Sai, è strano che con un nome come il mio, io sia stata destinata a una sorte tutt’altro che felice, certe volte ti invidio: con un nome neutro come il tuo, forse mi sarei sentita meno sotto pressione.
Mi ricordo che da piccole ridevamo sempre quando tua madre ti costringeva a vestirti di verde, dato che le piaceva tanto.
Mi dispiace molto non essere voluta venire con te quest’estate, ma sentivo che sarebbe dovuto finire qui.
Spero che, un giorno, ci torneremo ancora, insieme, anche se, probabilmente, non sarà in questo mondo.
Sei stata la mia migliore amica e lo sarai sempre.
Sachi.
 
Ps. La canzone che fischietto sempre, è hikouki gumo, so che te la ricorderai perché, ogni volta che tua madre ne vedeva una, si metteva a cantare.’’
 
Ti portasti una mano alla bocca.
Hikouki gumo, quella canzone: no, non erano affatto buone notizie.
Le lacrime cominciavano già a sgorgarti dagli angoli degli occhi: in quella canzone, che tua madre cantava sempre, la protagonista si suicidava, gettandosi da un edificio.
Ti avvicinasti lentamente alla finestra, le gambe che tremavano, e guardasti di sotto.
Sachiko era morta.
Lanciasti un urlo e cadesti in ginocchio, gli occhi sbarrati da cui continuavano a uscire lacrime su lacrime, tenevi la lettera ancora stretta tra le tue mani.
Sentisti i passi di sua madre affrettarsi su per le scale, poi più nulla.
Non ti ricordi quasi niente di ciò che accadde dopo, sai che il caso fu chiuso come suicidio e sai che la tua vita andò avanti per altri sei anni, in cui tu tornasti a vivere nel tuo paese, senza fare più parola con nessuno dell’accaduto.
La tua vita andò avanti più o meno serena, le amicizie e gli amori superficiali non mancavano, ma sentivi sempre un vuoto dentro di te.
E,  ancora oggi, continui a svegliarti nel cuore della notte, piangendo, mentre ricordi il volto sorridente della tua amica.
Sono quelli i momenti in cui ti alzi e vai a guardare fuori dalla finestra.

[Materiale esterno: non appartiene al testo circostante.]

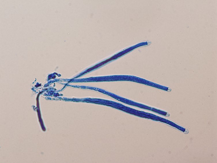 Asci cylindrical, 125–200 × 5–8 μm with asci caps, 3–5 × 5–7 μm.
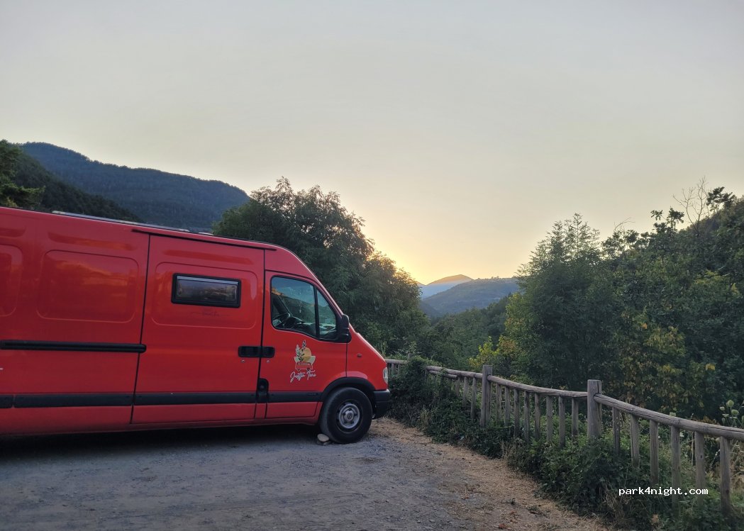 Tot i que no está permès fer nit en aquest aparcament, hem passat una nit degut a que la carretera que puja des de Puyareuego és lenta i es va fer tard

Tiri fuori la lettera di Sachiko e la leggi, la sai a memoria, ormai, conosci ogni singolo solco.
‘’Ci incontreremo ancora, un giorno.’’ Mormori appena, come se stessi parlando con lei.
Sai che sarà così.
Perché, nonostante tutto, sai che lei ora è felice e ti sta aspettando.
E un giorno, ancora più in alto delle nubi, del cielo e di tutte le scie di condensazioni e gli aerei del mondo, voi vi ritroverete.
Ma sai che tu devi percorrere un cammino ancora lungo e, nonostante tutto, pazienterai: prima o poi, anche tu sarai destinata a svanire.

note
Il nome Sachiko, letteralmente, significa 'Felicità' o 'Figlia della felicità', mentre il nome Midori significa 'verde'.
Per quanto riguarda il fenomeno Hikikomori, penso che Wikipedia sia più adatta di me a spiegare ciò di cui si tratta: http://it.wikipedia.org/wiki/Hikikomori
La canzone a cui fa riferimento il racconto è ''Hikouki Gumo'' di Yumi Arai, il cui titolo significa appunto 'scia di condensazione'.
Questa è la prima fan fiction che pubblico, spero non sia così orribile e non vi siano troppi errori, se vi fossero critiche le accetto più che volentieri, dopo tutto sono qui solo per migliorarmi, grazie mille.